The first part of this entry may have tricked you into thinking that I have big, serious things to say about this story.  But here's the thing: I think it's important for context that a story like this has serious underpinnings.  But also, said underpinnings are there, basically, to create a very silly and delightful tale.  See: every single example of Donald singing.

...but for HDL, I'm afraid, it's kind of a horror story: look at them here, all self-congratulatory--they have NO idea of the monster they've unleashed.

And FUCK, these four panels are, no lie, some of my favorites in all of Barks.  Just look at Donald's enthused expressions there as the kids grow progressively more frazzled.  As a thought experiment, posit that some other among the Western artists wasn't any better a writer than he actually was--but he was an artist on par with Barks.  I do wonder how easily we'd be able to tell their art apart.
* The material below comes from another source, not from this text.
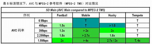 總體上講,AVC與MPEG-2對(duì)比,85個(gè)比對(duì)中66對(duì)MPEG-2的碼率要達(dá)到1.5倍才能與AVC達(dá)到同樣質(zhì)量,其中51對(duì)MPEG-2碼率要達(dá)到AVC的2倍才能達(dá)到AVC的質(zhì)量。換句話(huà)說(shuō),在60%的情況下,AVC的編碼效率能夠達(dá)到MPEG-2的兩倍。

I do enjoy seeing HDL get their proper comeuppance for their behavior--but I like it even more because  it's not malicious on Donald's part (you could argue otherwise, but I don't think you have any textual evidence to back you up).  He's just discovered a love for music, and he's having a ball with it!  That's all there is to it!

Yes, okay, this is clearly in large part an excuse for Barks to just draw more and more goofier and goofier pictures of Donald making noise.  But what, you're going to complain about that?

Yeah!  Look at that cross-eyed nephew on the right.  Even though to some extent it's just desserts, I can't help a little sympathy from creeping in here.

This is just a funny gag that I like.  They didn't even TRY to do anything about it; they just got while the getting was good.

Yay!  The gradual escalation in this story is just *chef's kiss*.  You know, even though, obviously, Disney comics are all written in a broadly comic idiom that doesn't mean I laugh out loud at them very often, even Barks stories.  But there are exceptions, of which this is one!

Donald is a pioneer in the field of atonal music!  Hell yeah!  Too bad Schoenberg died a few years before this was written.  And his nephews gain: a healthy sense of perspective!  Truly, a pearl of great price.